Fernando Stefani, director of the Center for Bionanoscience Research (CIBION - CONICET), and Florencia Choque, physicist and PHD candidate in CIBION, attended to the 11th International Weber Symposium on Innovative Fluorescence Methodologies in Biochemistry and Medicine, which was held in Punta del Este, Uruguay, on January 8-13, 2023.
Stefani gave a lecture about one of his fields of research that was titled “RASTMIN, an alternative to MINFLUX that enables nanometre resolution in a laser-scanning (confocal) microscope.”
RASTMIN, also well known as RASTer scanning MINima, is a single-molecule localization method that delivers a localization precision equivalent to MINFLUX but is easily implementable on any laser-scanning (confocal) microscope with few modifications. During his speech, CIBION’s director presented the working principle, simulations, experimental set-up, and performance demonstrations through single-molecule localization measurements and super-resolution imaging of DNA-origami structures.
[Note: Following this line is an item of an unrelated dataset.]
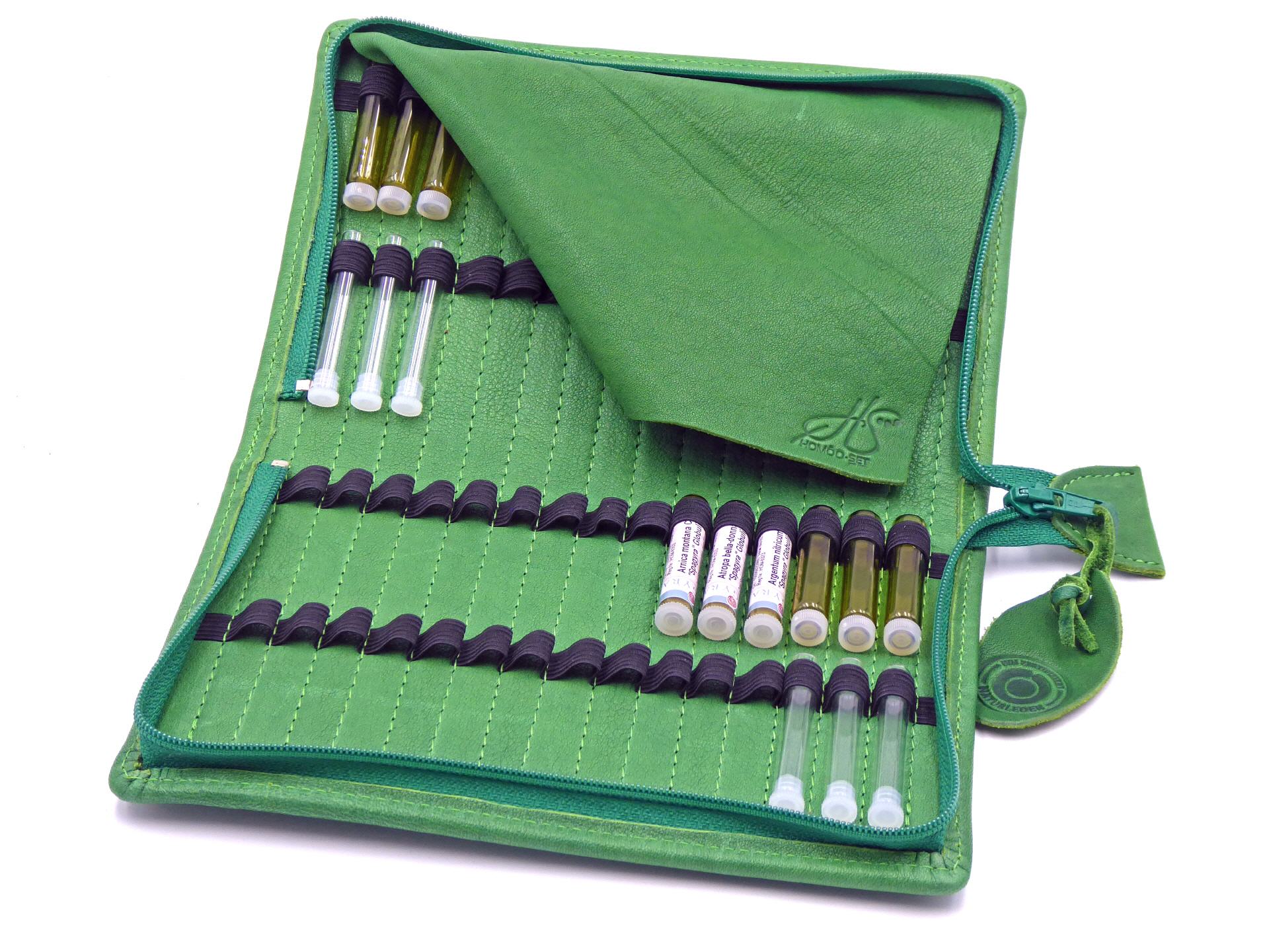 Ergänzend zu unseren Taschenapotheken, Reiseapotheken, und Hausapotheken erhalten Sie die passenden Leer-Gläschen, Etiketten, unarzneiliche Globuli, Medizinflaschen, Ampullarien, Bucheinbände für alle Fachbücher sowie Kleinleder-Accessoires.

Furthermore, Choque showed a poster, titled “p-MINFLUX to overcome the sub-10 nm resolution fluorescence nanoscopy”, which is part of her research.
Also, Luciano Masullo, former member of CIBION, presented some research that was done during his stay in CIBION as a PHD candidate.
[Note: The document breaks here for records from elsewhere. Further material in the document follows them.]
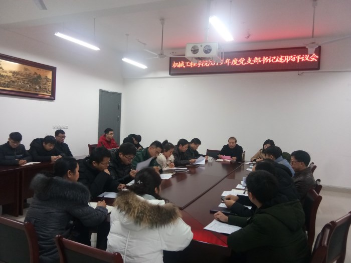 1月10日下午,机械工程学院党委在励学楼A402会议室召开2019年度基层党支部书记述职评议会。学院党政领导班子成员、党委委员、师生和群众代表30余人参加了会议。会议由学院党委书记武有水主持。
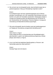 Schleswig-Holsteinischer Landtag - 18. Wahlperiode Drucksache 18/5341 6. Wie und durch wen ist sichergestellt worden, dass die Bestimmungen des Ju- gendschutzgesetzes in Bezug auf Minderjährige eingehalten wurden? Antwort: Für die Bestimmungen nach dem Jugendschutzgesetzes sind im Rahmen derartiger Veranstaltungen und in den verpachteten Räumlichkeiten primär der Kantinier und zudem der Veranstalter verantwortlich. Diesbezüglich erfolgte im Vorwege eine Klarstellung seitens der Behördenleitung der PD AFB SH mit den Verantwortlichen der Veranstaltung. Präventive Aspekte im Vorwege der Veranstaltung sind Bestandteil des Betreuungsauftrages. 7. Wie wurde sichergestellt, dass die Anwärter sowie das Ausbildungspersonal am Folgetag der Veranstaltung uneingeschränkt dienstfähig waren? Antwort: Siehe Antwort zu Frage 5. Zudem obliegt die Pflicht zur Aufrechterhaltung der Dienstfähigkeit jedem/ jeder Beamten/in, explizit in der Selbstverantwortung (Ergänzung zu Minder- jährigen siehe Antwort zu Frage 6). 8. Ist es in der Nacht des diesjährigen Begrüßungsfests zu Personen- oder Sachschäden gekommen (bitte ausführen)? Antwort: Derartige Folgen sind nicht bekannt.
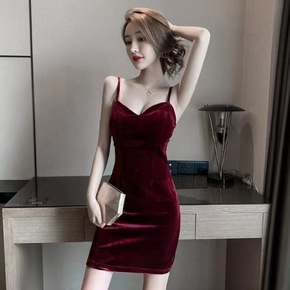 技师工作服夜店性感低胸吊带露背修身丝绒包臀裙夜店...
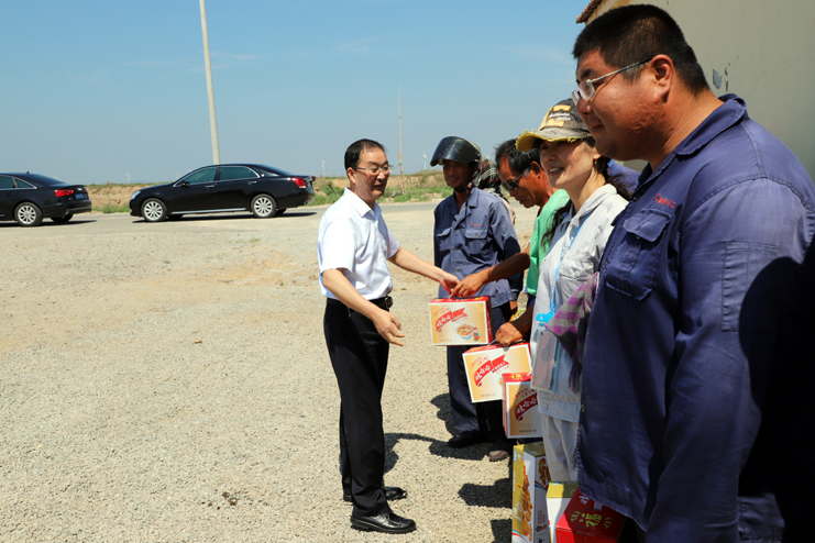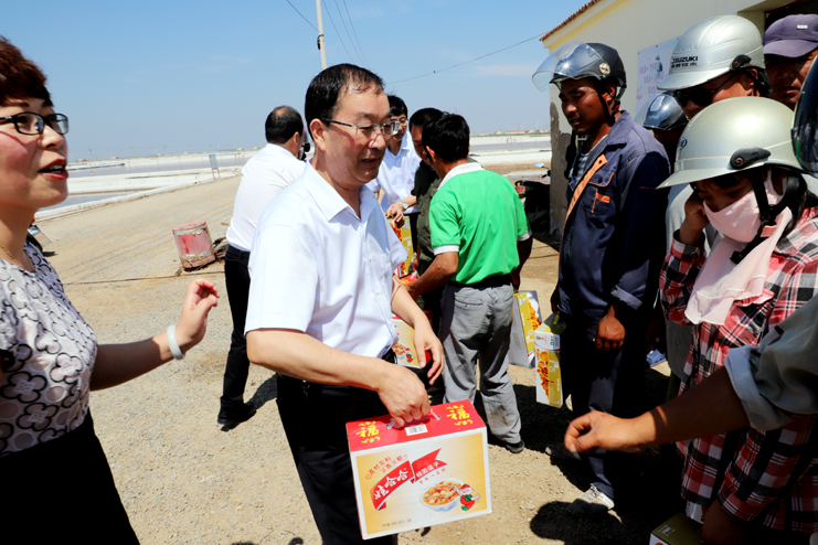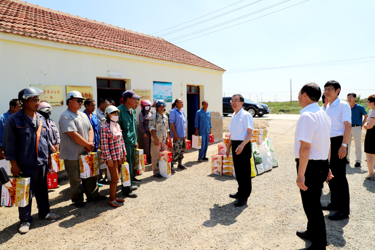 入伏以来,持续高温,为确保一线生产单位工作顺利开展,保证员工身体健康。7月18日上午,集团公司总经理胡建明、副总经理张其海一行深入日晒制盐公司走访慰问一线职工,把绿豆、饮料等慰问品送到他们手中,在炎炎夏季,为一线职工送去集团公司领导的深切关怀与阵阵清凉。
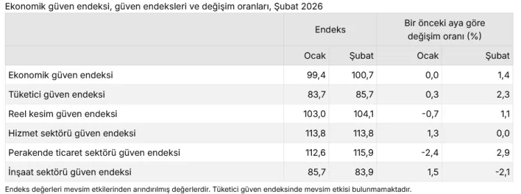 Şubat'ta Ekonomik Güven Endeksi yüzde 1,4 artışla 100,7'ye yükseldi. Tüketici güveni yüzde 2,3 artarken, inşaat sektörü güveni yüzde 2,1 azaldı.
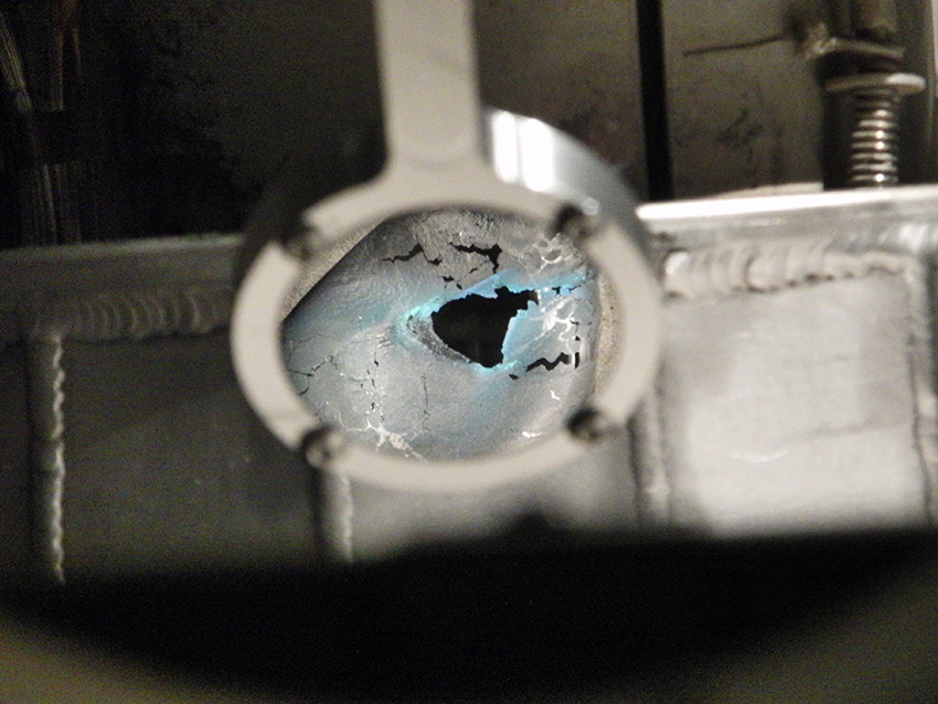 View of the surface of a lithium pool in Lithium Tokamak Experiment, as it is heated and cleaned of oxides by a beam of high energy electrons. Electron impact causes the oxide layer to fluoresce a pale blue glow. Lithium is evaporated from two pools such as this, to coat the entire inner surface of the tokamak.
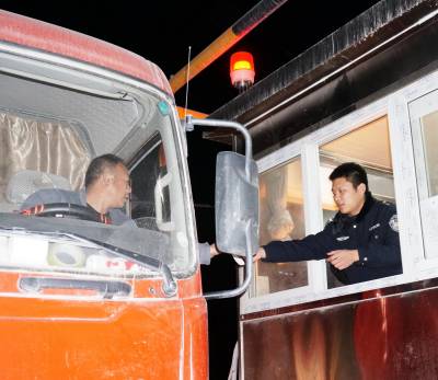 2月7日晚,十堰市郧阳区综合执法局的执法人员正式进驻杨溪铺镇干沟山沙场,对夜间21时至第二天早晨6时向市区运输山沙的100多台次运输车进行严控管理,要求所有车辆平箱装料,帆布覆盖,密闭运输,严禁在公路和市区街道上漏撒运输。 视界网周家山 摄
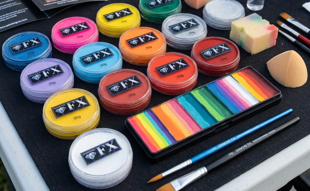 - Maquillaje profesional (pintacaras): Utilizamos exclusivamente maquillajes al agua de alta gama, hipoalergénicos y testados dermatológicamente, que se eliminan fácilmente con agua y jabón o con toallitas de bebé.

In addition, it’s important to note that the symposium honors the fundamental and far-reaching contributions of Professor Gregorio Weber. It provides an overview of modern fluorescence methodologies and applications in the biological and medical sciences. During the event, speakers described state-of-the-art and emerging technologies used in their research programs. Topics include time-resolved fluorescence, phasors, Förster resonance energy transfer, multi-photon fluorescence microscopy, confocal microscopy, single molecule studies, fluctuation correlation spectroscopy, fluorescence imaging spectroscopy, macromolecular (nucleic acids and proteins) interactions, membrane dynamics, and quantitative cellular dynamics including metabolism.